MATERIAL PROVIDED
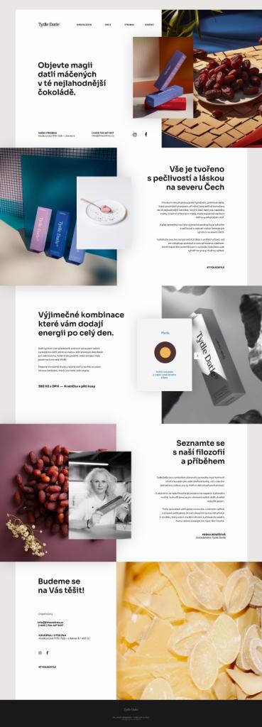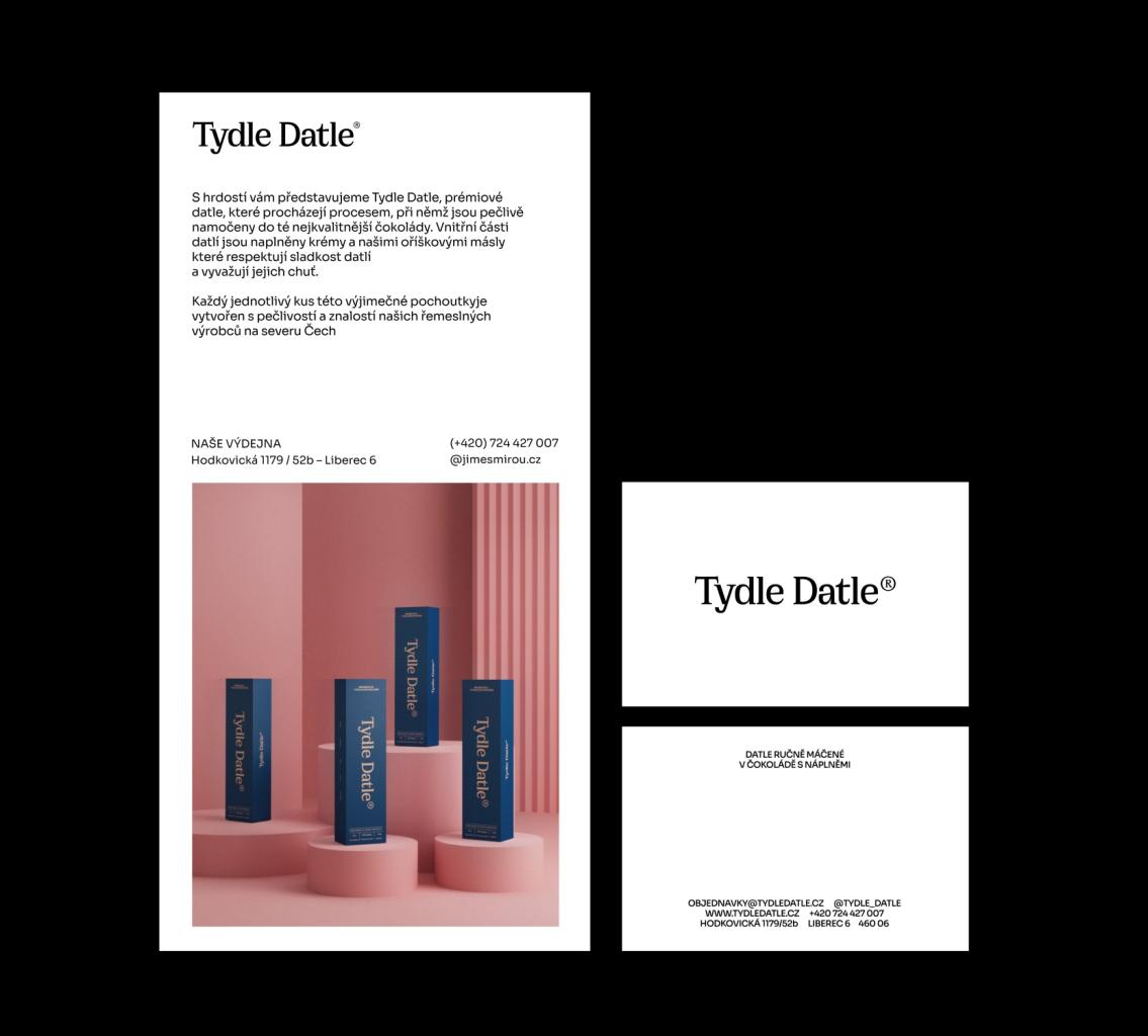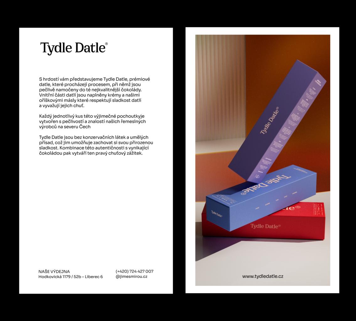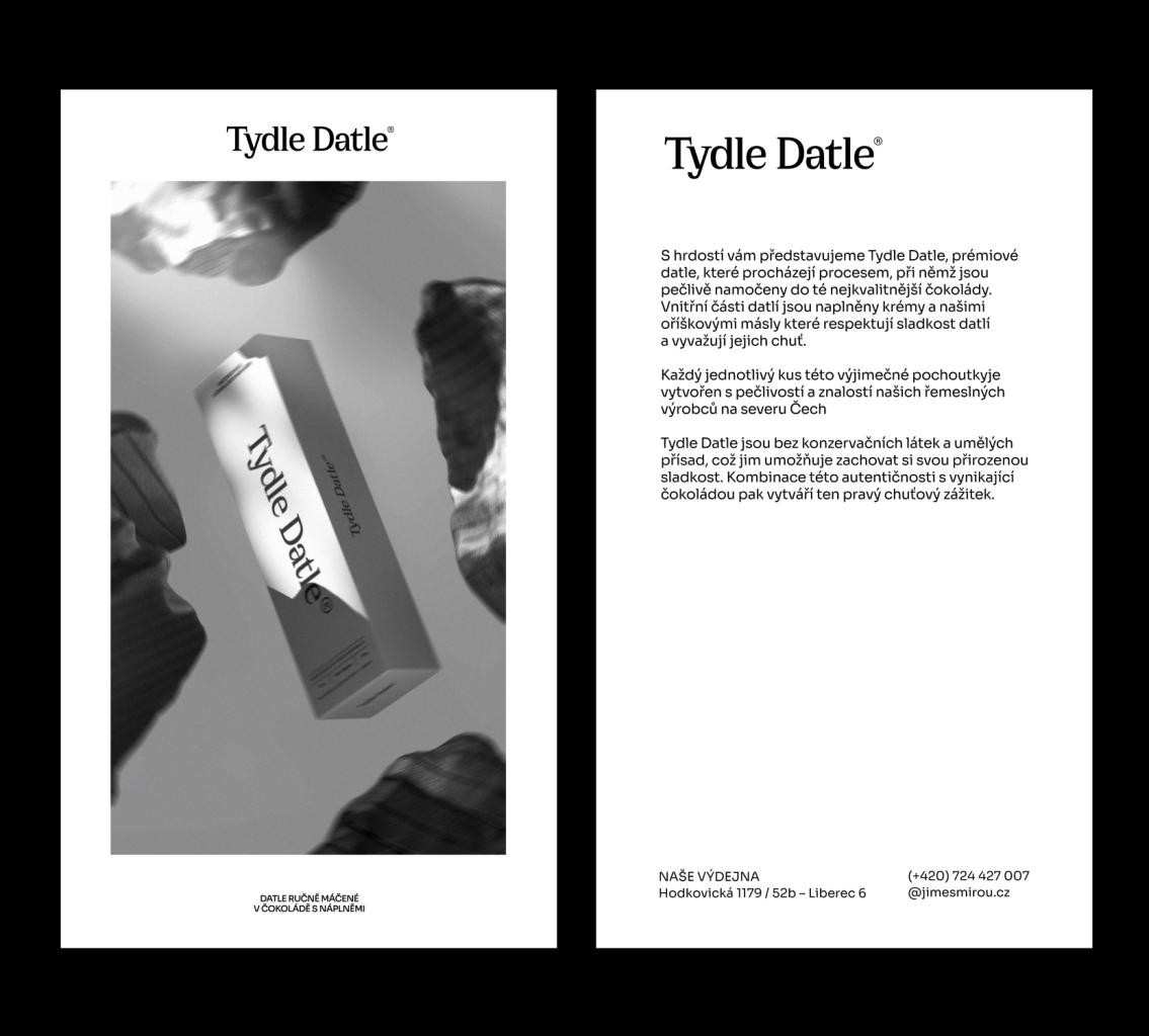 Pro Tydle Datle vznikla základní identita, kde hlavním výstupem projektu bylo – Logotyp, Krabička na datle, vizitky, web design, propagační materiály Design byl vytvořen pod vedením Vojtěcha Beneše a Benjaminu Buttlera Tydle Datle S hrdostí vám představujeme Tydle Datle, prémiové datle, které procházejí procesem, při němž jsou pečlivě namočeny do té nejkvalitnější čokolády. Vnitřní části datlí jsou naplněny krémy a našimi oříškovými másly které respektují sladkost datlí a vyvažují jejich chuť. Ecstasy Studio, 2024
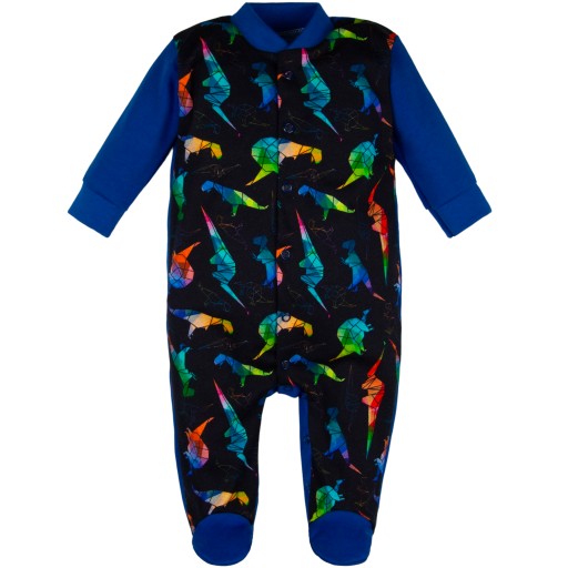 - z przodu pajacyka są efektowne rysunki dinozaurów w stylu origami
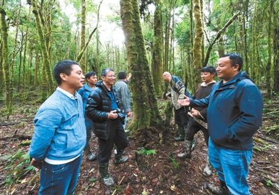 技術(shù)專家在朗杰崗村林地觀察仿野生鐵皮石斛生長情況。記者白娟 格桑吉美 攝
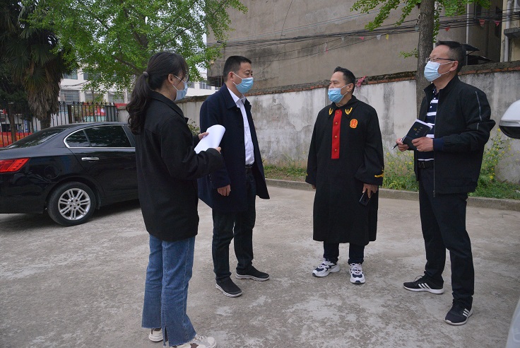 为有效满足疫情防控期间人民群众司法需求,严防在疫情防控、审判执行、司法作风、队伍管理等方面出现问题,2022年4月14日,太和县人民法院党组成员、驻院纪检监察组组长田金刚,审判管理办公室(研究室)主任李善亚带队前往镜湖中心法庭、大新法庭、五星法庭、赵庙法庭进行审务督察并检查疫情防控措施落实情况。
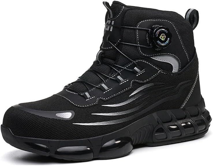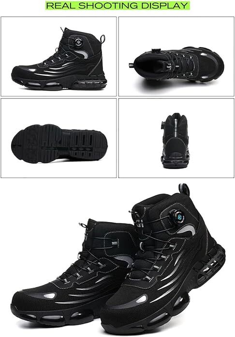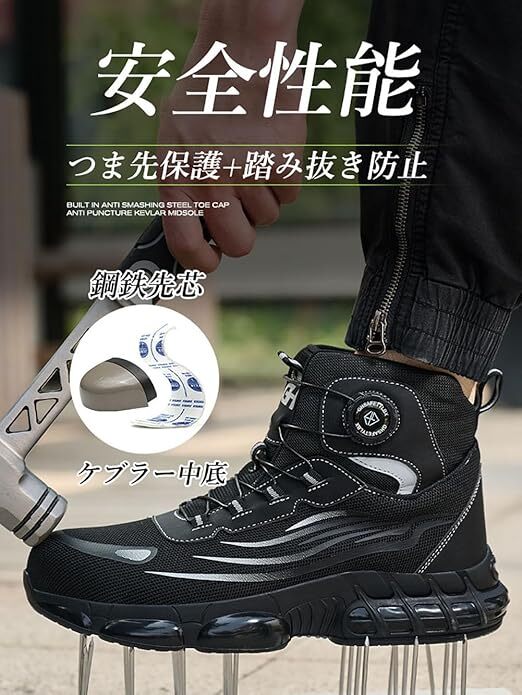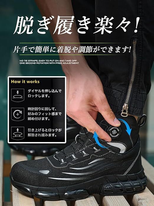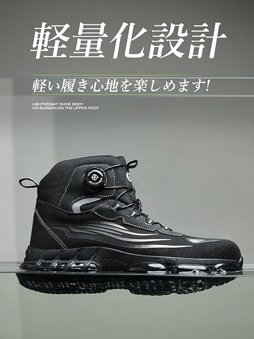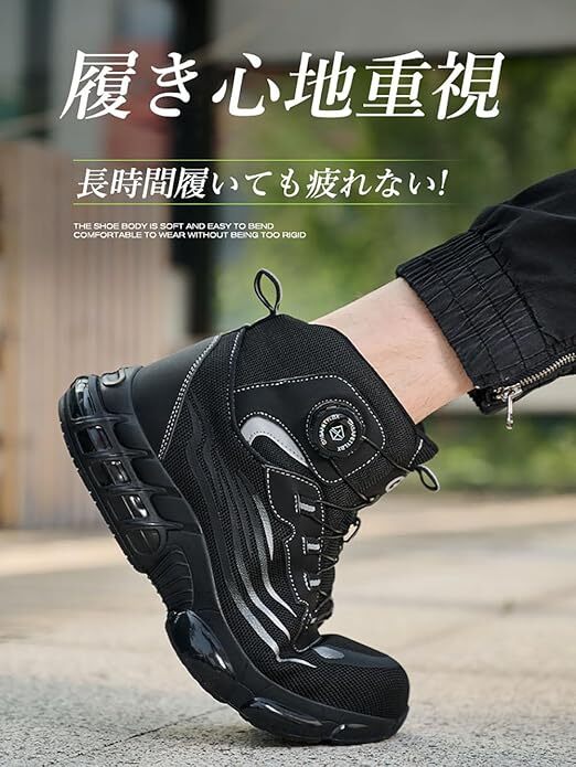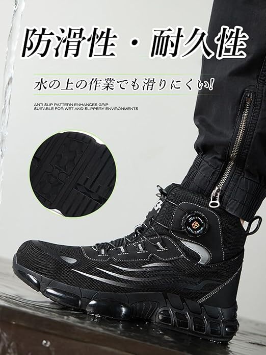 安全靴 ハイカット 作業靴 ダイヤル式 通気性 軽量 作業ブーツ 鋼鉄先芯入り 耐滑 耐摩耗 黒 サイズ:27cm
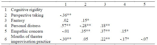 The study concludes that improvisation practice time contributes directly to fantasy variability and indirectly to perspective taking and personal distress, mediated by cognitive rigidity. Furthermore, it is concluded that the affect-to-cognition model of empathy is applicable to the Latin American context and the relationships of affective factors and fantasy may be associated with emotion management. Additionally, it is specified that the practice of theatrical improvisation can be a tool that increases the effectiveness of interventions aimed at increasing empathy, if it is complemented with strategies to manage emotions and uncertainty.
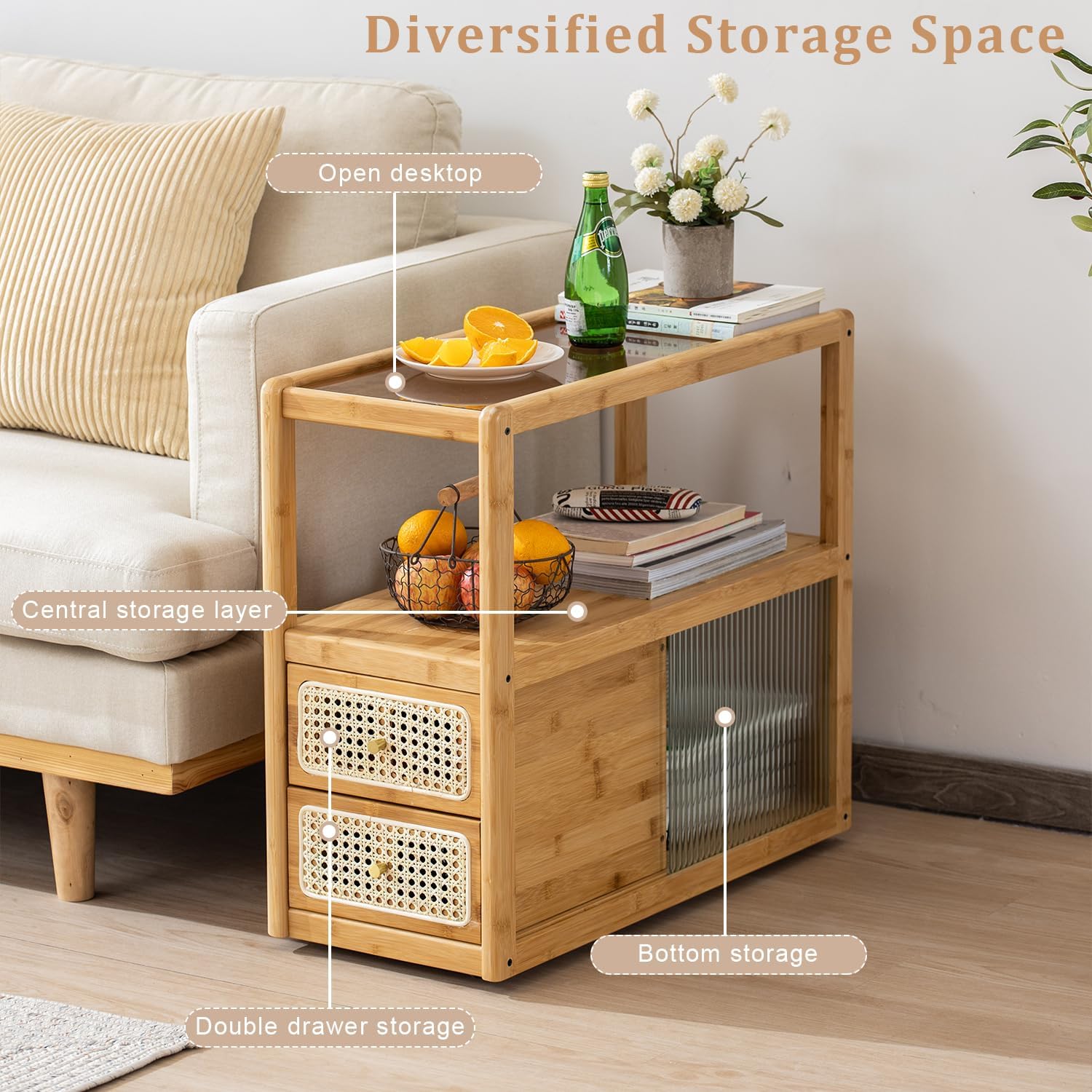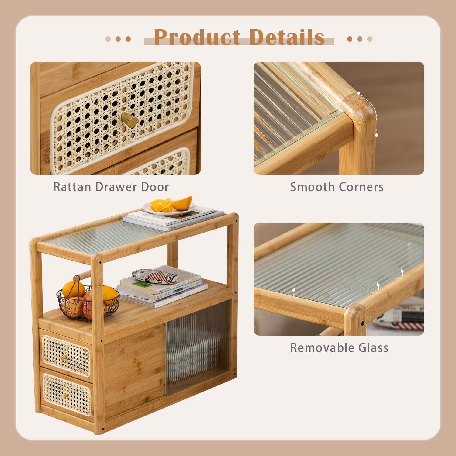- 【Family-Safe & Sturdy Structure】Features rounded corners, a smooth finish, and reinforced bamboo frame for added safety. The fluted glass top is scratch-resistant and easy to clean, offering peace of mind in homes with children or pets.
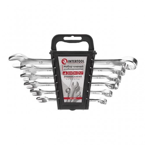 У набір INTERTOOL HT-1201 увійшли ріжково-накидні ключі, розмірами: 8; 10; 12; 13; 14; 17 мм. Це дозволяє обрати необхідний розмір під будь-які завдання для монтажу та демонтажу різьбових з'єднань гайок та болтів.
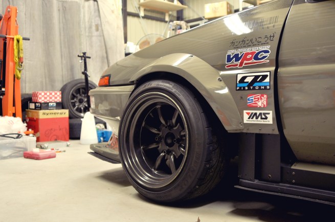 With any good car, its all about balance. So to be able to use this little hachiroku to its potential, Morita-san has made his own knuckles to increase his lock.
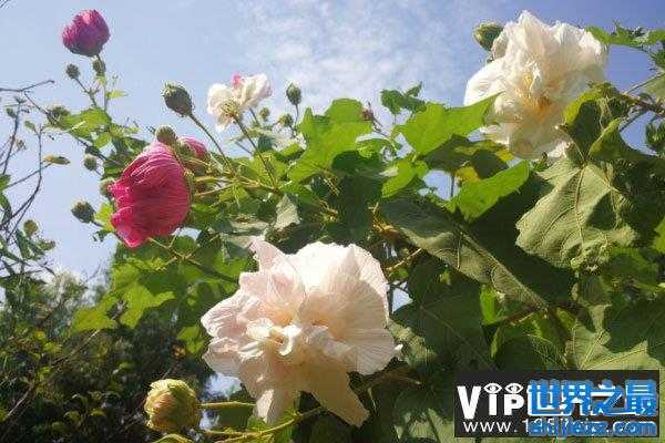 在自然界中,有许多的换色花。例如:金银花,在第一白如银开放,超过12天,如黄金,所以人们叫它金银花。一个樱草,在约室温下20度红弹簧,30度暗室变成白色。花了一些土壤的八仙产生蓝花,粉红色的花朵在其他土壤打开。今天世界之最网小编为大家盘点世界上颜色最多变的花,它就是“弄色木芙蓉”,这种木芙蓉刚开的时候几乎是纯白,之后则会随着外部条件的变化,而逐渐更换至少4种颜色。让我们一起往下看吧!
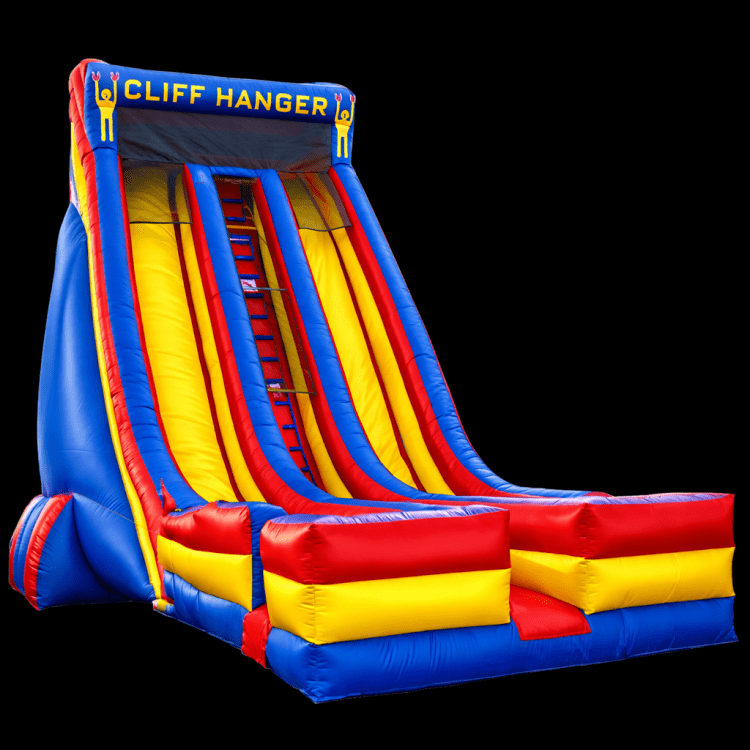 The 27' Cliff Hanger is Tri City's biggest and baddest inflatable slide available for rental! Standing almost three stories tall, this particular two-lane slide is great for kids and adults young at heart. Participants climb up the middle ladder to the top of the inflatable and grab onto the rings atop the left or right slide. Once the adrenaline settles, participants let go of the rings, dropping them almost straight-down the 27' steep slide. Participants then exit on the corresponding exits on either side of the inflatable. The 27' Cliff Hanger Slide is great for company picnics, church events, grad nights, and school carnivals. Due to the size of this inflatable, it is not recommended for home events. However, it can be rented for private home events if there is sufficient space. Kids should always be monitored when using this inflatable. If you are renting it for a large event, Jumping Around Party Rentals can provide an attendant for an additional charge.
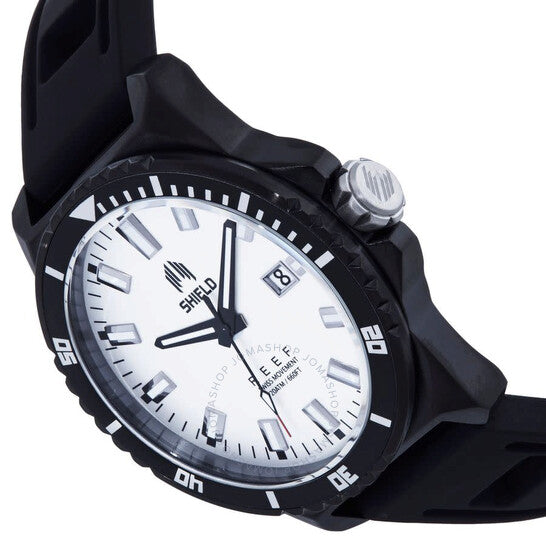 علبة من الفولاذ المقاوم للصدأ بجودة جراحية 316L حركة كوارتز سويسرية دقيقة روندا 515 غير لامعة مقاومة للخدش كريستال معدني غطاء خلفي من الفولاذ المقاوم للصدأ منقوش عليه شعار إطار أحادي الاتجاه تاج لولبي حزام مطاطي مشبك من الفولاذ المقاوم للصدأ منقوش عليه شعار عقارب مضيئة علامات مضيئة عرض التاريخ قطر العلبة 45 مم مقاومة للماء حتى 20 ATM (معتمدة للغوص العميق الاحترافي)
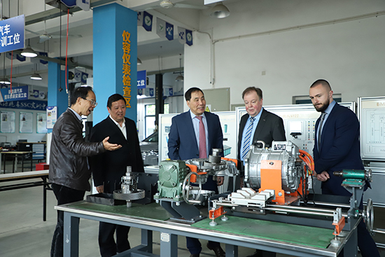 在校長張武劍的帶領下,卡爾一行參觀了校園,并與學生親切交談。隨后,卡爾校長一行參觀了學校新能源汽車實訓室、汽車機電維修名師工作室、工業機器人綜合實訓室等實訓場地,了解了學校專業建設水平和實訓室建設等成果。

WHAT IS EXPECTED
Both the first line of the records above and the line containing "The study concludes" belong in the copy; please return them and every line between, exactly, minus the pictures.

RESPONSE
 Pro Tydle Datle vznikla základní identita, kde hlavním výstupem projektu bylo – Logotyp, Krabička na datle, vizitky, web design, propagační materiály Design byl vytvořen pod vedením Vojtěcha Beneše a Benjaminu Buttlera Tydle Datle S hrdostí vám představujeme Tydle Datle, prémiové datle, které procházejí procesem, při němž jsou pečlivě namočeny do té nejkvalitnější čokolády. Vnitřní části datlí jsou naplněny krémy a našimi oříškovými másly které respektují sladkost datlí a vyvažují jejich chuť. Ecstasy Studio, 2024
 - z przodu pajacyka są efektowne rysunki dinozaurów w stylu origami
 技術(shù)專家在朗杰崗村林地觀察仿野生鐵皮石斛生長情況。記者白娟 格桑吉美 攝
 为有效满足疫情防控期间人民群众司法需求,严防在疫情防控、审判执行、司法作风、队伍管理等方面出现问题,2022年4月14日,太和县人民法院党组成员、驻院纪检监察组组长田金刚,审判管理办公室(研究室)主任李善亚带队前往镜湖中心法庭、大新法庭、五星法庭、赵庙法庭进行审务督察并检查疫情防控措施落实情况。
 安全靴 ハイカット 作業靴 ダイヤル式 通気性 軽量 作業ブーツ 鋼鉄先芯入り 耐滑 耐摩耗 黒 サイズ:27cm
 The study concludes that improvisation practice time contributes directly to fantasy variability and indirectly to perspective taking and personal distress, mediated by cognitive rigidity. Furthermore, it is concluded that the affect-to-cognition model of empathy is applicable to the Latin American context and the relationships of affective factors and fantasy may be associated with emotion management. Additionally, it is specified that the practice of theatrical improvisation can be a tool that increases the effectiveness of interventions aimed at increasing empathy, if it is complemented with strategies to manage emotions and uncertainty.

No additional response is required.